__Exercise__: Transcribe only what runs from the line containing "Molly's gradually getting" through the end of the listing, line for line and exactly, and omit the pictures.

__Collected material__:
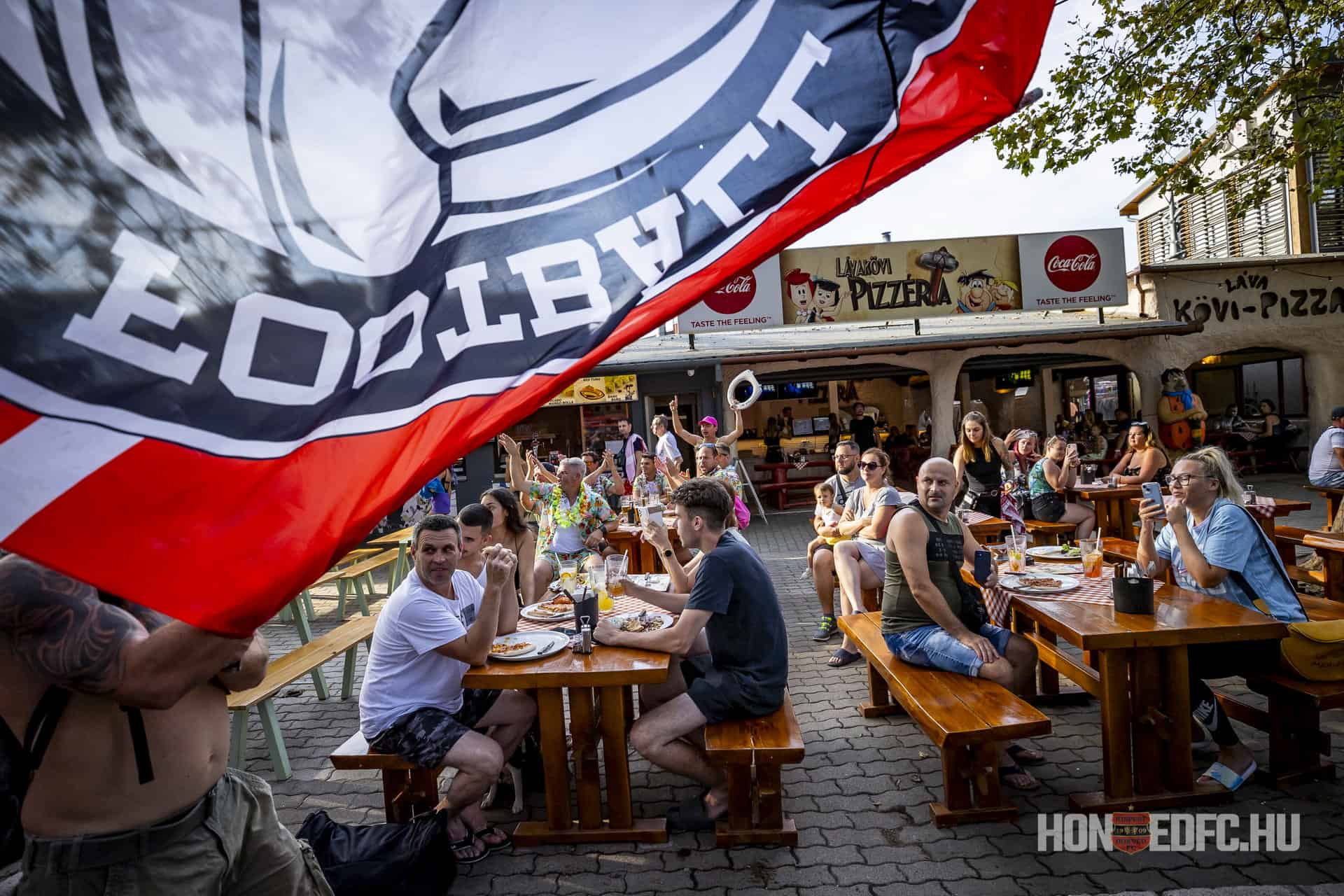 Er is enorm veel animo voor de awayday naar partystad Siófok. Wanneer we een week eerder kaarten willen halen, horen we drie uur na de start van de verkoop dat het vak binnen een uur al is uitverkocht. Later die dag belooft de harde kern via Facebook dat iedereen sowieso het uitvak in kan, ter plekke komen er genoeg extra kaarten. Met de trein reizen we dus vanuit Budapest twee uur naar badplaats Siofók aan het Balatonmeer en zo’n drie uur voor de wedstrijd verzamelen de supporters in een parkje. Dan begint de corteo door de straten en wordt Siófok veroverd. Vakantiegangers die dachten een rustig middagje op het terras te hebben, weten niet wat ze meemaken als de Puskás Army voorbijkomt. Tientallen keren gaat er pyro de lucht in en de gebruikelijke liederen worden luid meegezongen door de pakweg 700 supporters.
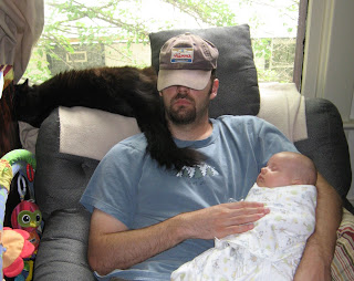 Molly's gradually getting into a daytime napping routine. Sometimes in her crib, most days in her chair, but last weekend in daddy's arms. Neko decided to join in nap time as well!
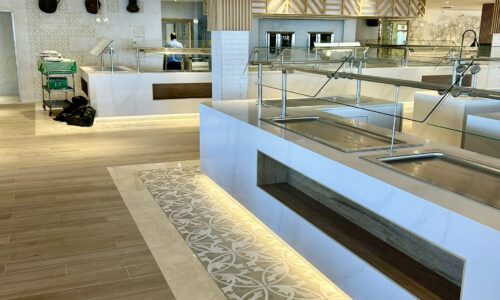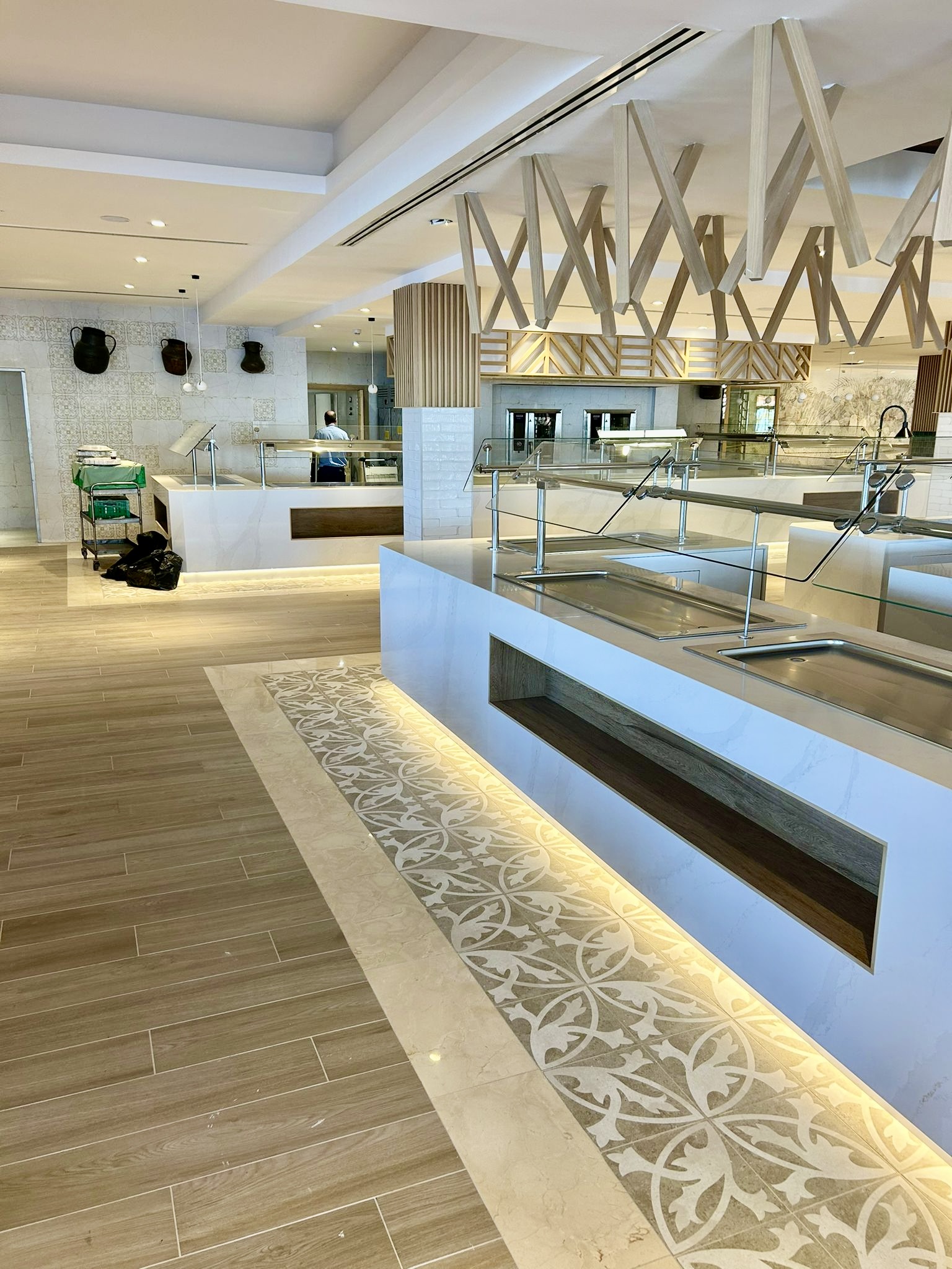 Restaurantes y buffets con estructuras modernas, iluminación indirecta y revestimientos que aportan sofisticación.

__Reply__:
 Molly's gradually getting into a daytime napping routine. Sometimes in her crib, most days in her chair, but last weekend in daddy's arms. Neko decided to join in nap time as well!
 Restaurantes y buffets con estructuras modernas, iluminación indirecta y revestimientos que aportan sofisticación.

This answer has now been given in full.